China Vanke’s biggest shareholder’s pledge to fully support the company sends its shares, bonds higher
- China Vanke’s biggest shareholder to boost the finances of the company by purchasing some of its projects worth an estimated US$1.37 billion
- The announcement triggered a rally in the developer’s stocks and bonds

China Vanke, China’s second largest property developer by sales, said it will make timely repayments of its debts after a Chinese authority, which is also its largest shareholder, vowed support to “revitalise the bulk assets and promote the liquidity” of the company.
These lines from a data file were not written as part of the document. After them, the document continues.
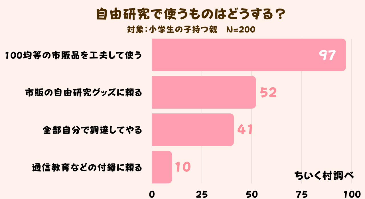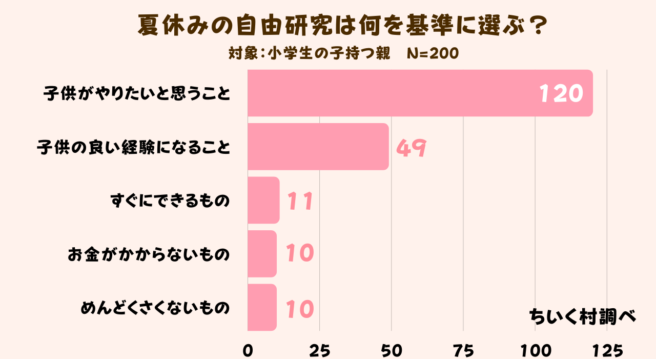 夏休みの自由研究は何を基準に選ぶのか調査した結果、200人中120人の方が「子供がやりたいと思うこと」と回答していました。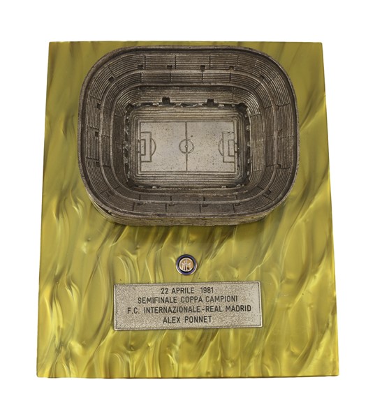 FC Internazionale - Real Madrid. Trofeo commemorativo della semifinale di ritorno della Coppa dei Campioni il 22 aprile 1981 allo stadio Giuseppe Meazza. L'Inter vince 1-0. Offerto all'arbitro belga Alex Ponnet. Dimensioni 15x19 centimetri. Commemorative trophy of the semi-final second leg match of the European Champion Clubs' Cup between F.C. Internazionale and Real Madrid on April 22, 1981 at the Giuseppe Meazza stadium. Inter win 1-0. Offered to the Belgian match referee Alex Ponnet. Dimensions 15x19 cm.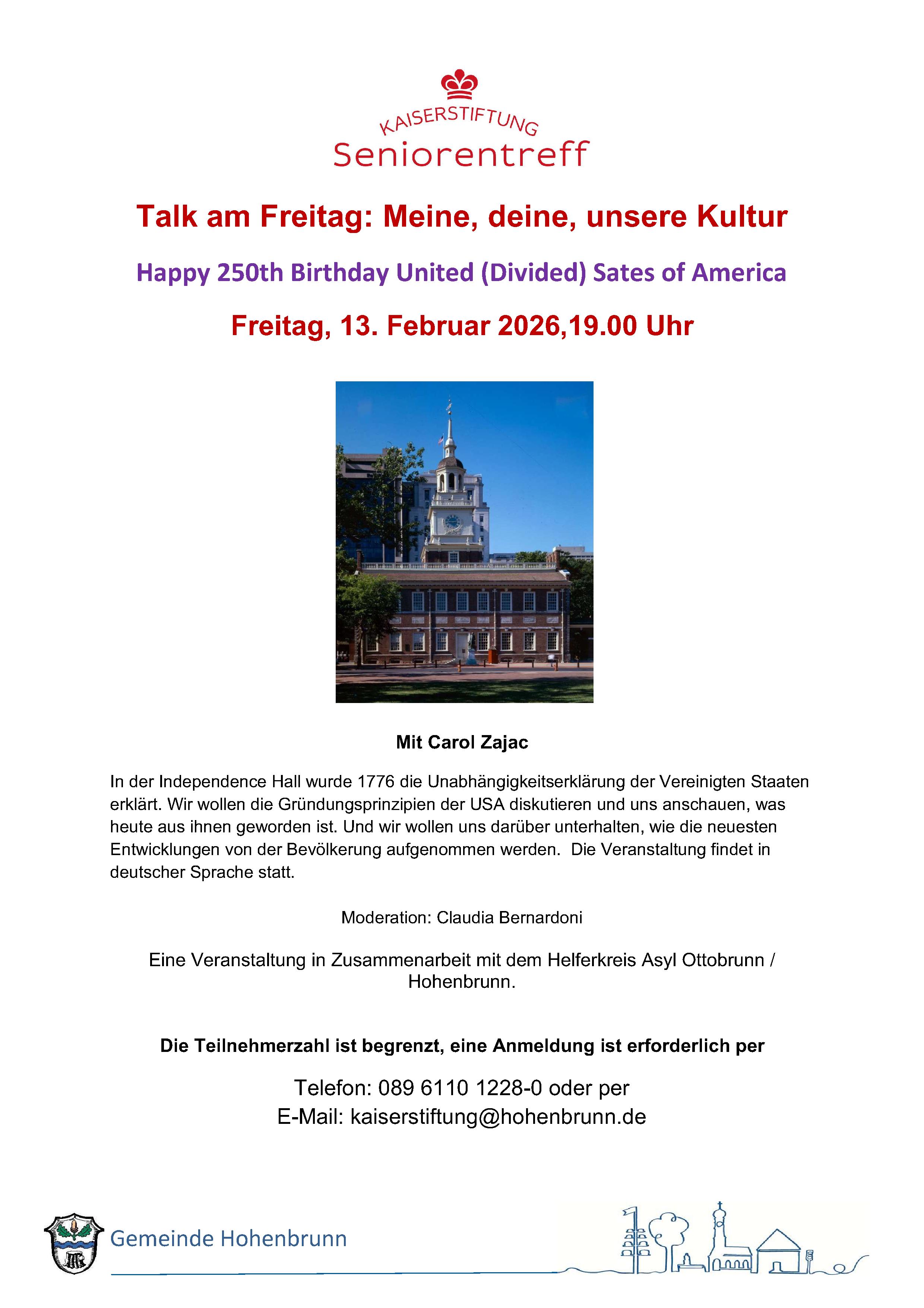 Am Samstagnachmittag trifft sich das Koch-Team um 16 Uhr mit den angemeldeten Hobbyköchinnen und -köchen; bis zu zehn Personen können gemeinsam kochen. Nach einer Kennenlern-Runde werden die oft besonderen Zutaten und die geplanten Rezepte vorgestellt. Dann wird geschält, geschnipselt, gewogen, gerührt, gekocht, gebacken … gelacht, gestikuliert, gedolmetscht und erzählt, vom Geschmack der Heimat, von den Düften der Kindheit. An Herd und Backofen wird es warm, intensive Gerüche ziehen durch den Raum. Die Veranstalterin erinnert: „In einer halben Stunde kommen die Gäste …“ Am schwarzen Brett stehen die Gerichte angeschrieben, die Tische werden liebevoll gedeckt. Um 19 Uhr kommen weitere Gäste zum Essen dazu. Das Koch-Team stellt den Gästen an der großen Theke die Speisen vor. In bunt gemischten kleinen Tischgruppen werden die Gerichte genossen. Essen und die Zubereitung sind ein guter Einstieg ins Gespräch. „In Gemeinschaft schmeckt es einfach besser“, so eine Teilnehmerin. Im Januar steht die chinesische Küche im Fokus. Die Termine erscheinen im Monatsprogramm der Kaiserstiftung; dort erfolgt auch die Anmeldung zum Kochen bzw. zum Essen. Möchten Sie ein Essen mit Gerichten Ihrer Heimat gemeinsam mit anderen Teilnehmenden aus verschiedenen Ländern – von Jugendlichen bis Senioren – kochen? Dann melden Sie sich bei uns, Dany Graser und Heidi Maurer, Mail: info@helferkreis-asyl.com oder direkt in der Kaiserstiftung. Helferkreis Asyl Ottobrunn/Hohenbrunn (Quelle: "Gemeindeblatt Hohenbrunn", Dezember 2025, Seite 52)
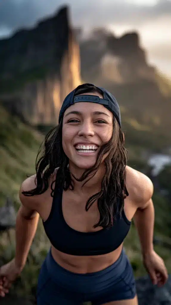 This look says: “Yes, I lift—and I summit.”

The developer’s largest shareholder Shenzhen Metro Group, which holds a 27.9 per cent stake, said it would boost the finances of the company by purchasing some of its urban renewal projects in Shenzhen worth an estimated amount of more than 10 billion yuan (US$1.37 billion/HK$10.9 billion) and by purchasing Vanke’s bonds in the open market at a suitable time, according to a filing by China Vanke late on Monday.
The announcement inspired a rally in the developer’s stocks and bonds. Shares of Vanke gained as much as 2 per cent on Tuesday morning before surrendering gains to close at HK$8.08, down 0.7 per cent on the day, while its dollar bonds due June 2024 rose by 5.489 cents to 92.102 cents on the dollar.
The statement came after an online meeting arranged by Vanke with several financial firms on Monday afternoon, where the developer gave an update about its recent business operation and financial status.
The Shenzhen state asset regulator (SASAC), which wholly owns Shenzhen Metro, also attended the meeting, and its senior official Ye Xinming said “Vanke is an important member of SASAC” and it will “fully support Vanke when it faces risks at an extreme situation” on a basis of not disobeying law and market rules, according to a meeting memo obtained by the Post.

Yu Liang, vice-chairman of Vanke, said he believed that the company will “overcome difficulties with support of SASAC” despite the challenges it faces in restoring confidence of homebuyers.